(Entries taken from a collection)
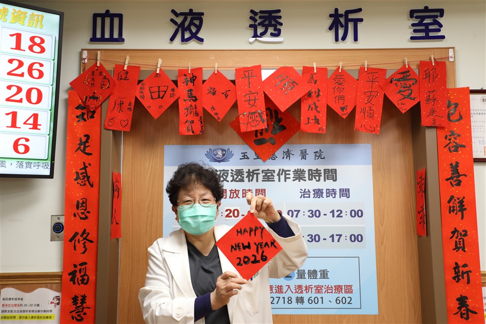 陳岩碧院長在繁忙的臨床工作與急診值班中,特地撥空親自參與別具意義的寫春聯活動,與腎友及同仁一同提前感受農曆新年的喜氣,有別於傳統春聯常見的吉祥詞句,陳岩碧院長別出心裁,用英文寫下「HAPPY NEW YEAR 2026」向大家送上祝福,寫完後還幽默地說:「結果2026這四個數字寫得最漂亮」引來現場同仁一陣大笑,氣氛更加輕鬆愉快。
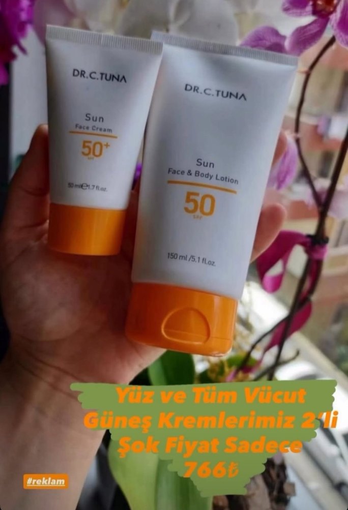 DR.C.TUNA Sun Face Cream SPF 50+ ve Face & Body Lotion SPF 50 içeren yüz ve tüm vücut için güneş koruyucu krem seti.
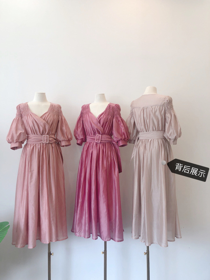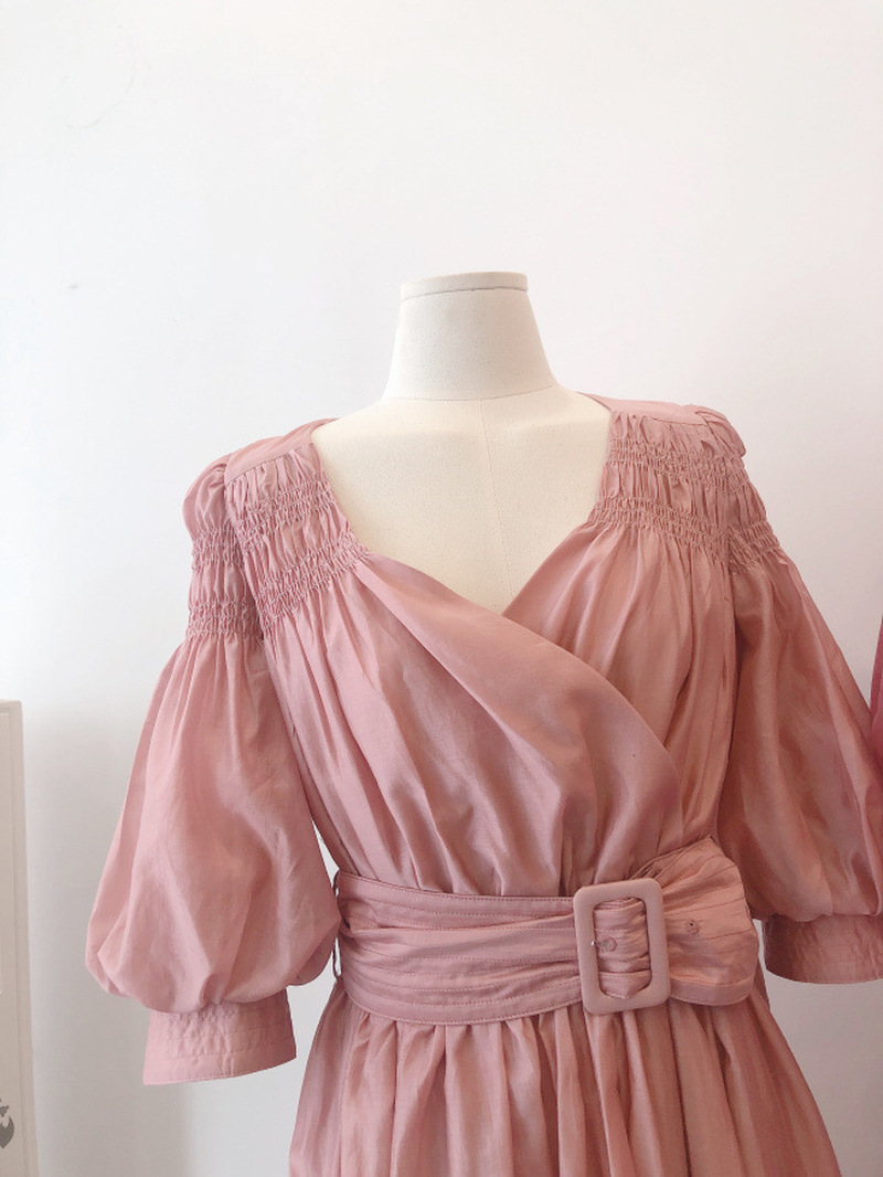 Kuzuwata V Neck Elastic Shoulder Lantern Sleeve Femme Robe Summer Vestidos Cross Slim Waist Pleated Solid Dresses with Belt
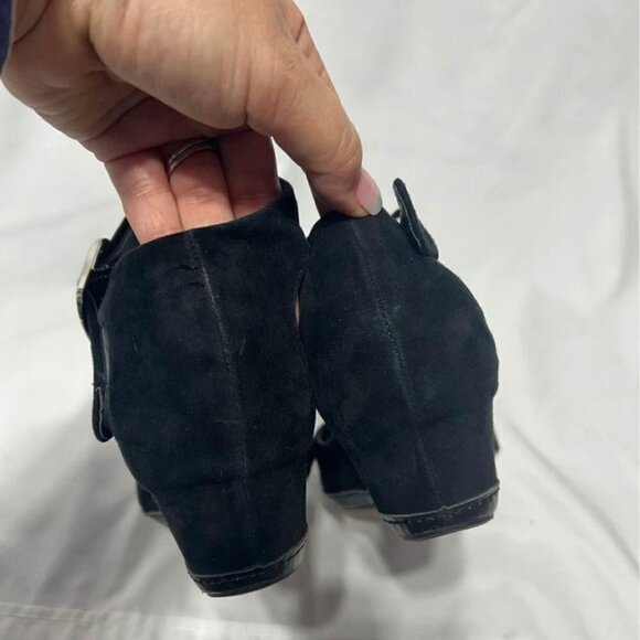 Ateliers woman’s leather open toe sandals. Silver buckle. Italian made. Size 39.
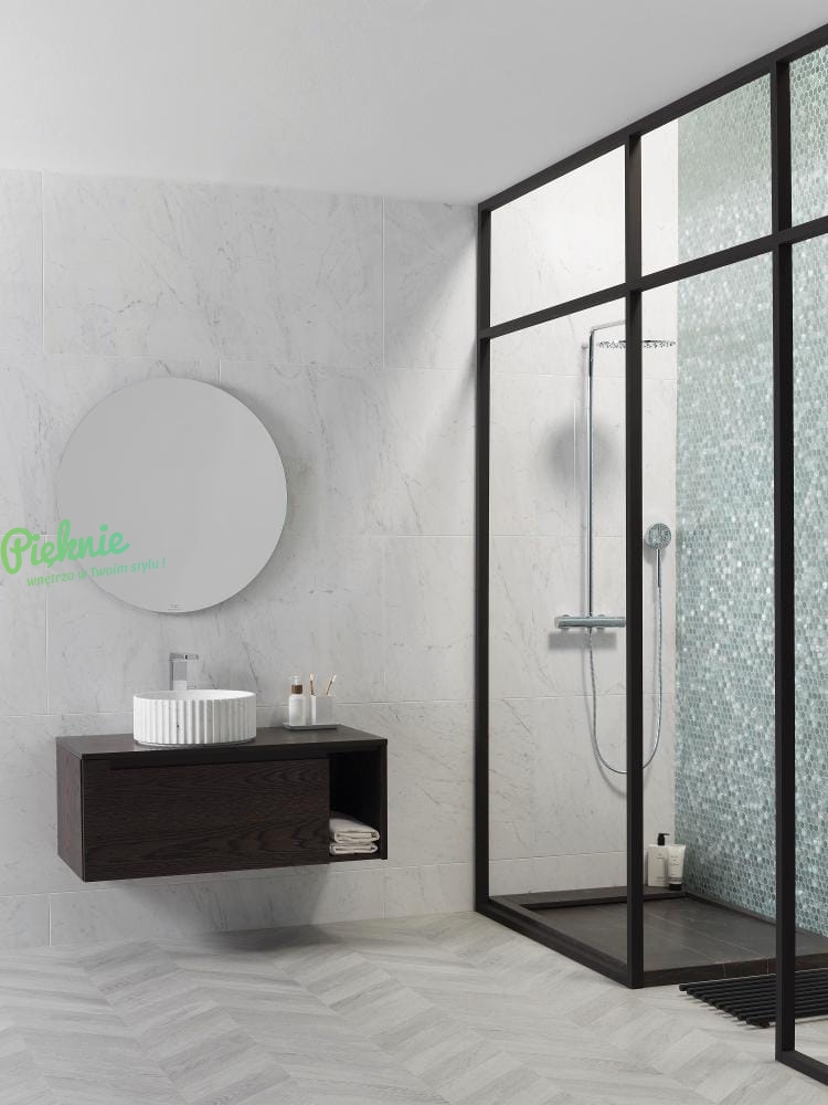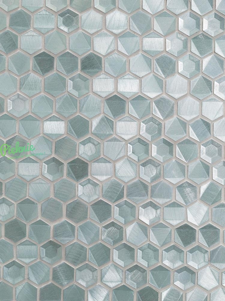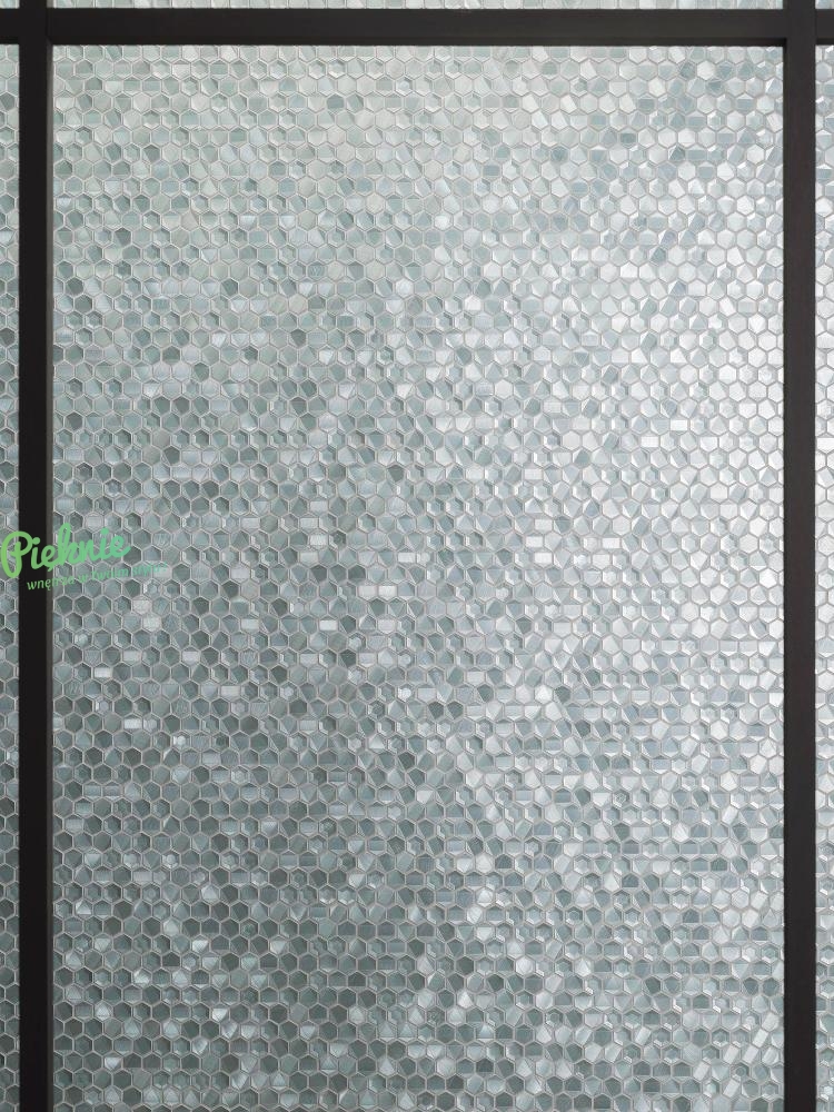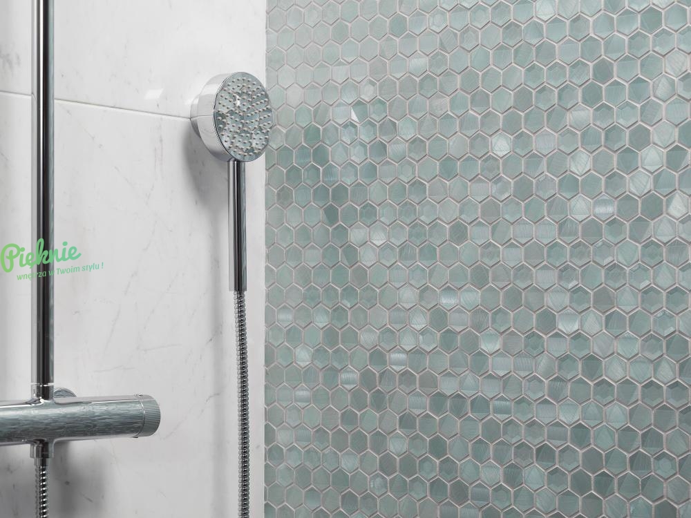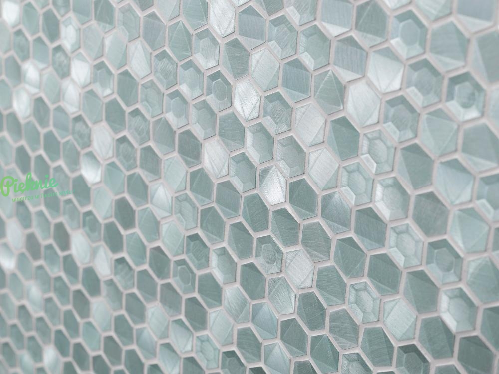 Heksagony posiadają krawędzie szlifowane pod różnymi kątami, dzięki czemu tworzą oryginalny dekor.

» **AIM OF THE EXERCISE**
Your reply should repeat the entries above exactly, leaving the pictures out.

» **ANSWER SPACE**
 陳岩碧院長在繁忙的臨床工作與急診值班中,特地撥空親自參與別具意義的寫春聯活動,與腎友及同仁一同提前感受農曆新年的喜氣,有別於傳統春聯常見的吉祥詞句,陳岩碧院長別出心裁,用英文寫下「HAPPY NEW YEAR 2026」向大家送上祝福,寫完後還幽默地說:「結果2026這四個數字寫得最漂亮」引來現場同仁一陣大笑,氣氛更加輕鬆愉快。
 DR.C.TUNA Sun Face Cream SPF 50+ ve Face & Body Lotion SPF 50 içeren yüz ve tüm vücut için güneş koruyucu krem seti.
 Kuzuwata V Neck Elastic Shoulder Lantern Sleeve Femme Robe Summer Vestidos Cross Slim Waist Pleated Solid Dresses with Belt
 Ateliers woman’s leather open toe sandals. Silver buckle. Italian made. Size 39.
 Heksagony posiadają krawędzie szlifowane pod różnymi kątami, dzięki czemu tworzą oryginalny dekor.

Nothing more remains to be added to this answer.